Его слова прозвучали в полнейшей тишине. Был слышен только стук повозки на улице.
— Где, — наконец сказал Кефа, — во всем этом богохульстве и бреде обещанный подарок?
— Ты что, сам не видишь? — спросил Симон. — Мы с тобой шли разными дорогами, разными и противоположными, но мы оба совершили одну и ту же ошибку. Каждый из нас верил, что он прав, а другой нет. Правда в том, что никто из нас не прав, пока мы считаем, что совершенно правы. Ничего не бывает по одному. Не существует утверждения, в котором бы не содержалось его отрицания. Отрицание всего лишь его собственное отражение.
Кефа закрыл глаза. Казалось, он отчаянно борется с какой-то мыслью.
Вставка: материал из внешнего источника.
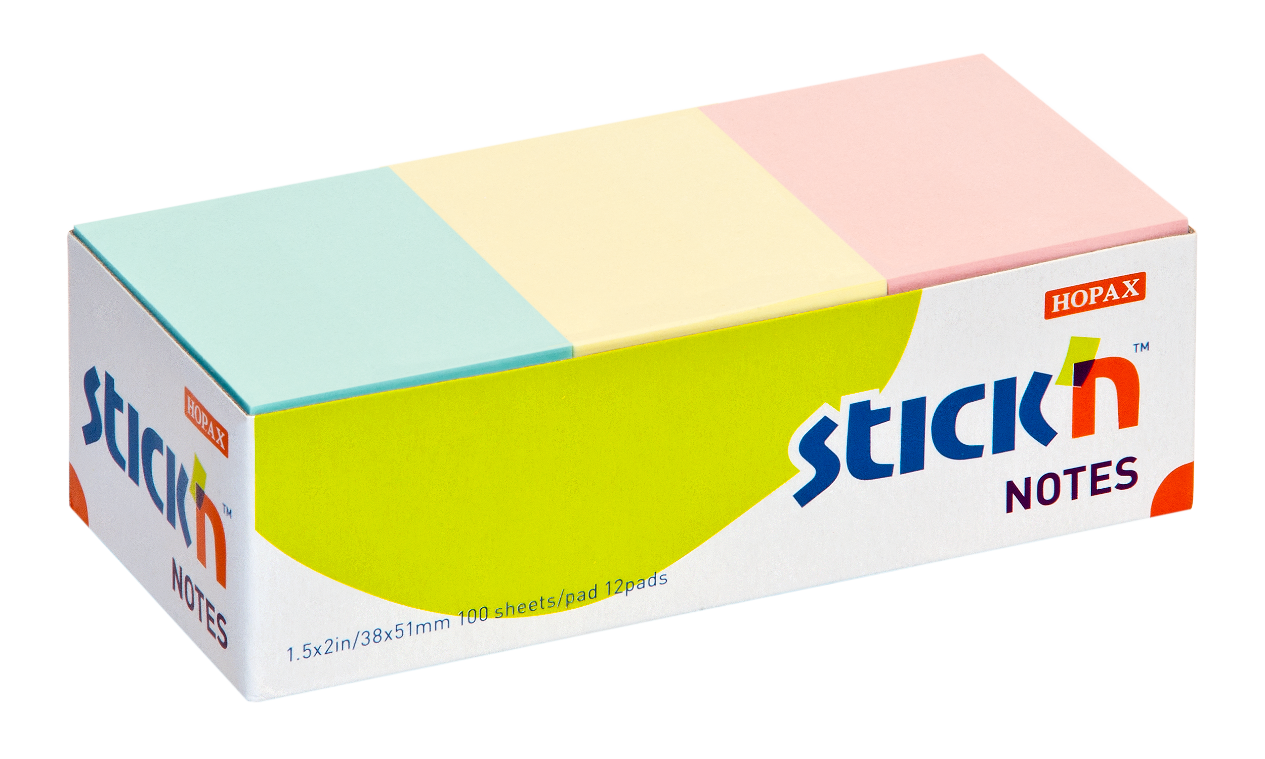 Samolepicí bloček Stick'n by Hopax, 38 x 51 mm, pastel mix, 12 x 100 lístků
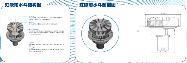 由斗體、導流罩、出水短管、連接壓板和整流器等組成。導流罩是用來攔截樹葉等固體雜物的雨水斗部件,兼有整流作用;整流器是虹吸雨水斗的重要部件,用來疏導水流、 消減旋流和減少空氣進入 雨水斗出水短管;虹吸雨水斗能夠在較小的斗前水深的情況下,達到滿流狀態。我們公司開發的數十種虹吸式雨水斗專利產品,符合《虹吸雨水斗》CJ/T245-2007 國家標準,排水量從 6L/s~120L/s,適用于各種類型的屋面。
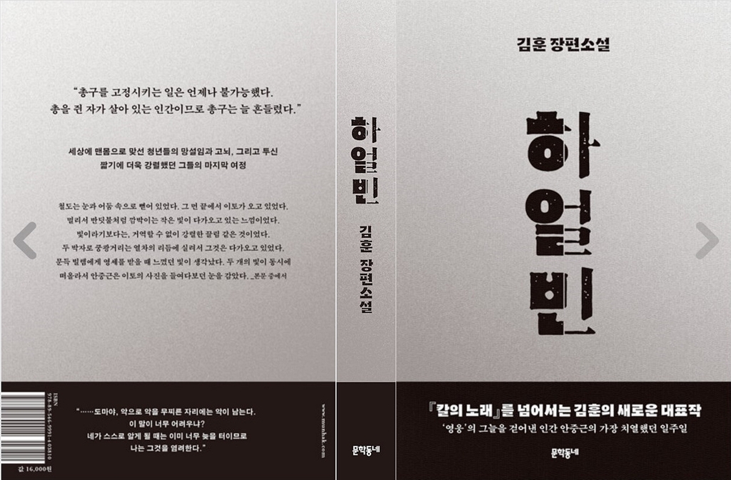 | ▲ 김훈 신작 장편소설 '하얼빈' 표지 앞뒷면 [알라딘 홈페이지 캡처. 재판매 및 DB 금지] |
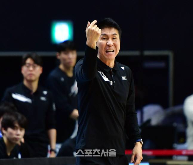 KGC 김상식 감독이 6일 수원KT아레나에서 열린 2022-2023프로농구 수원KT와 안양KGC의 경기에서 4쿼터 막판 선수들을 독려하고 있다. 2023.2.6.
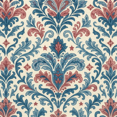 An elegant spread of stylized florals and grand foliage in deep indigo, ruby red, and soft peach flows symmetrically across a light beige ground. Each element?curved leaves, layered petals, and vine flourishes?is meticulously detailed, creating a sense of harmony and regal sophistication. The palette balances cool and warm tones, offering versatility for festive packaging, premium paper goods, or branding that blends vintage richness with polished refinement.
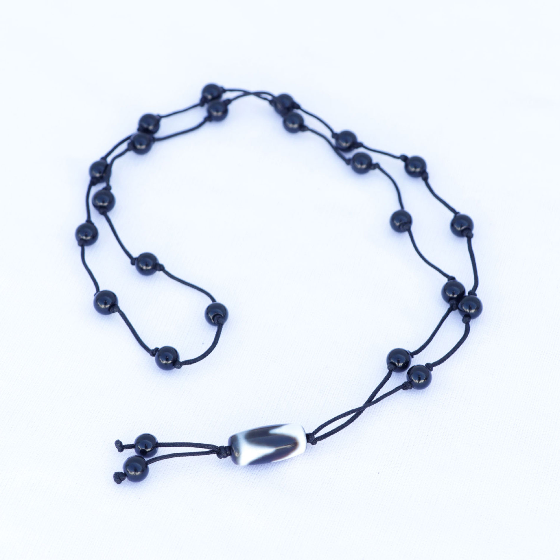 Dzi Beads Hand-Knotted Thread Black Onyx Necklace
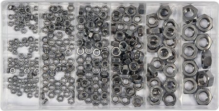 ZESTAW 300 SZTUK NAKRĘTEK NIERDZEWNYCH METRYCZNYCH ZAWIERA ROZMIARY M3, M4, M5, M6, M8, M10.
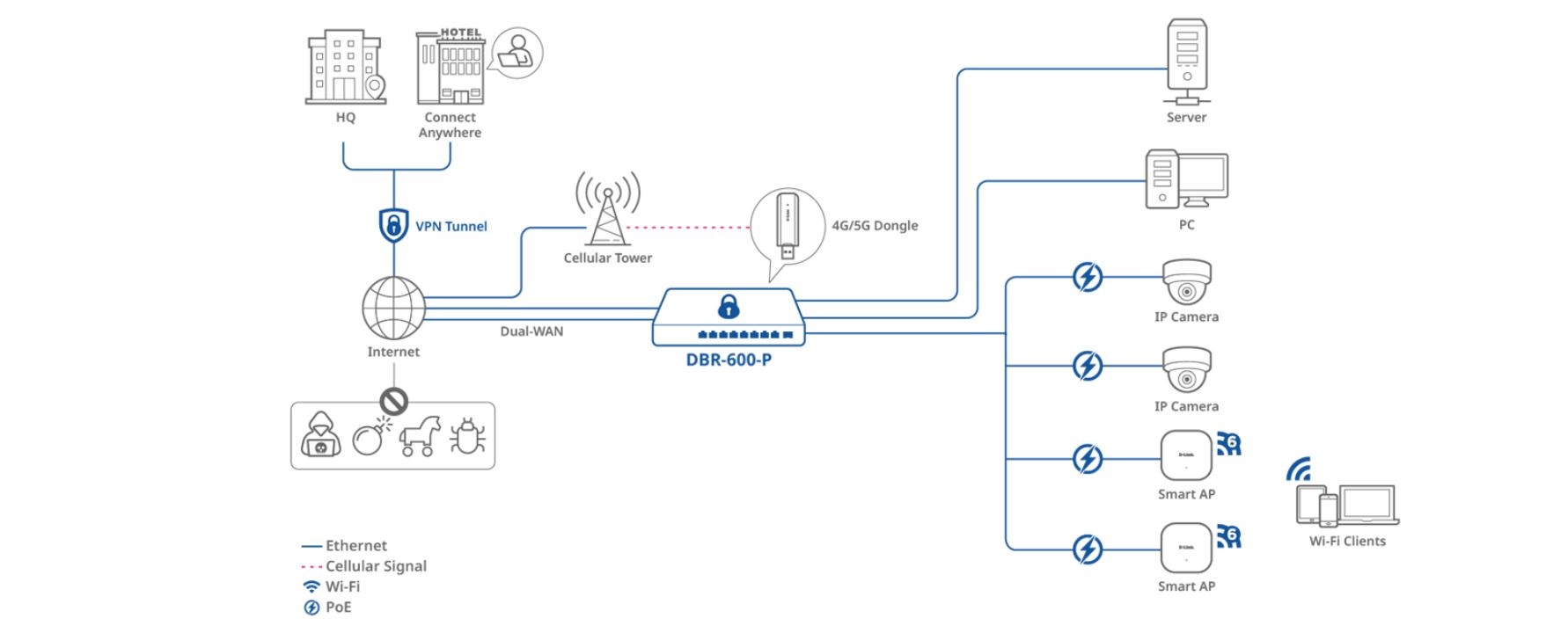 Je ideální pro malé kanceláře a kavárny, obsahuje USB port pro 4G/5G USB modem D-Link, který nabízí flexibilní zálohování internetu. Díky 2Gb/s firewallu a IPsec VPN tunelům zajišťuje bezpečný vzdálený přístup. Integrovaná správa AP a PoE zjednodušuje ovládání bezdrátových přístupových bodů, což z něj činí vynikající volbu pro firmy hledající efektivní a bezpečná síťová řešení.
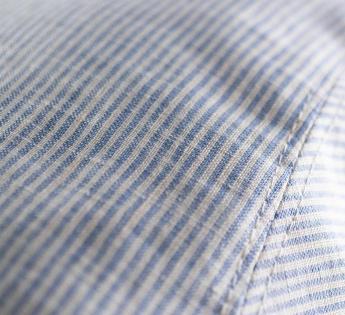 Entirely crushable, it slips into a pocket without losing its shape. Its sleek silhouette and structured brim create a refined look. The fine pinstripe pattern and luminous hue lend a natural distinction. Equipped with UPF50+ UV protection, it shields you from the sun while remaining light and breathable.
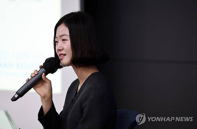 (서울=연합뉴스) 윤동진 기자 = 25일 서울글로벌센터에서 열린 '유엔 북한인권서울사무소, 피해자 및 증인이 바라보는 지난 10년 간의 조선민주주의인민공화국 내 인권 상황' 공개세션에서 북한 이탈주민이 발언하고 있다. 2025.6.25
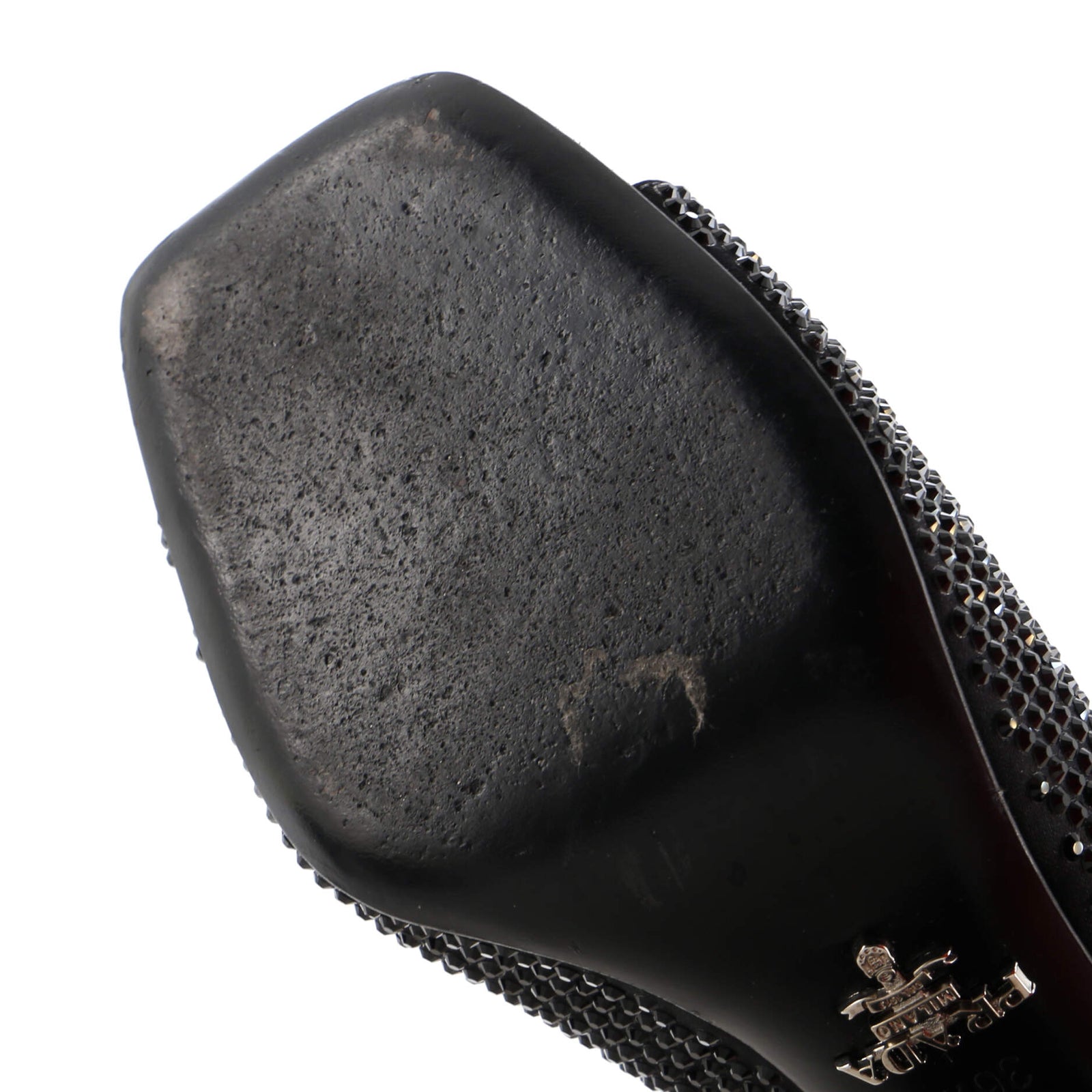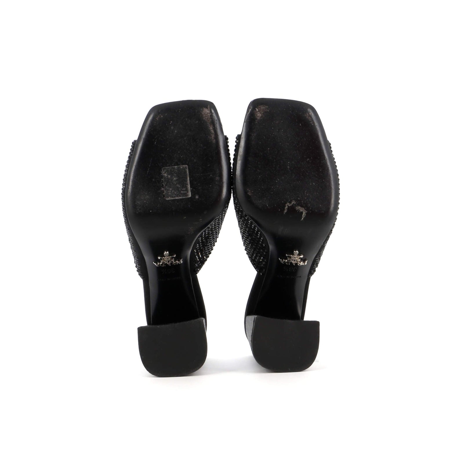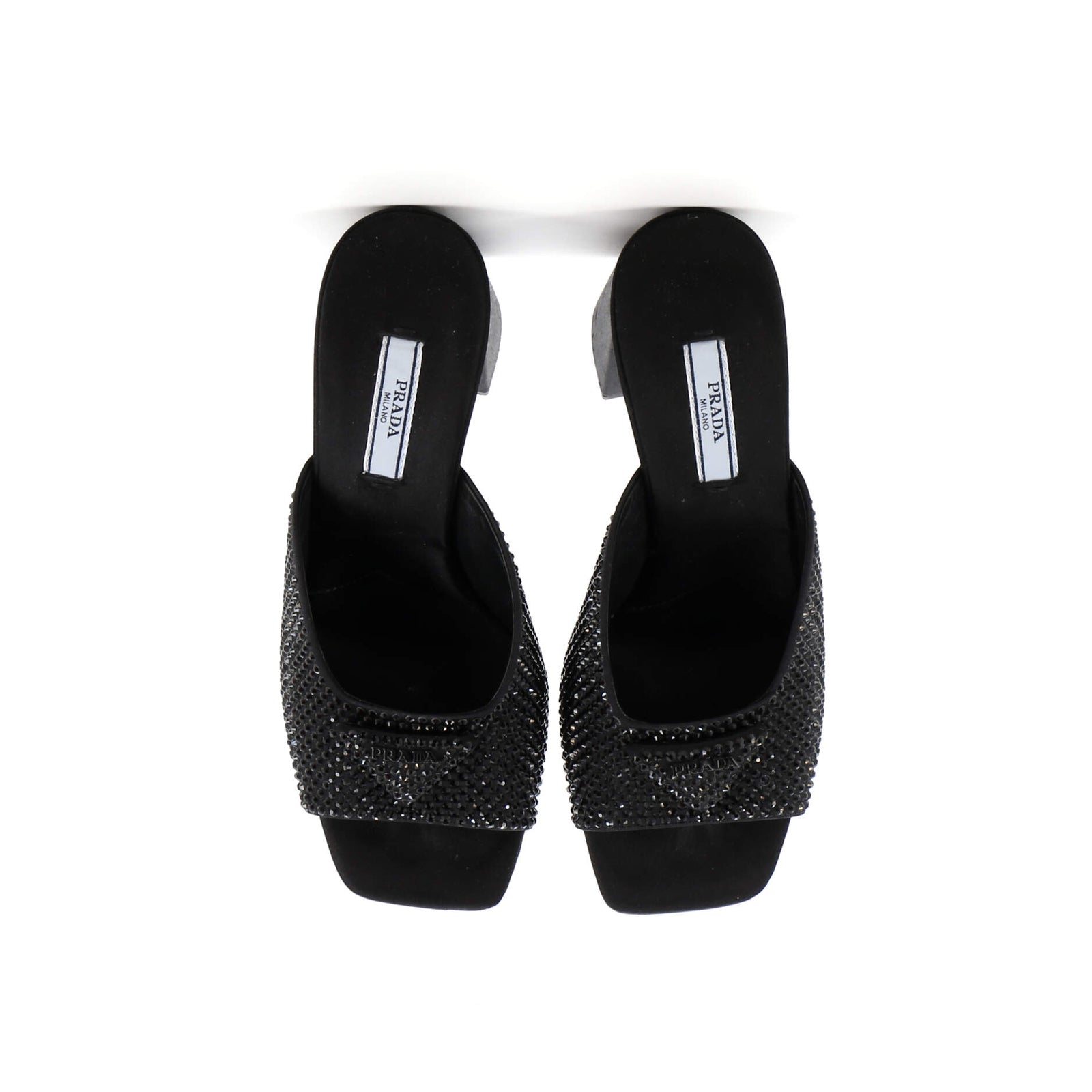 Prada Women'S Triangle Logo Heeled Mule Sandals Crystal Embellished Satin

— Мне кажется, — медленно сказал он, — ты только что сказал, что если утверждение правильно, оно также неправильно.
Симон невесело засмеялся:
— Ты понимаешь меня лучше, чем я думал.
— Что?
— Когда правда произносится вслух, она становится неправдой, — сказал Симон. — Поэтому есть вещи, говорить о которых не следует.
Кефа покрылся смертельной бледностью. Симон удивленно посмотрел на него. Но Кефа ничего не сказал, и он продолжил:
— В чем ошибочен твой путь, и мой тоже? Мы настаивали на единственности. Каждая единичная вещь будет стремиться найти свою тень, свою вторую половину.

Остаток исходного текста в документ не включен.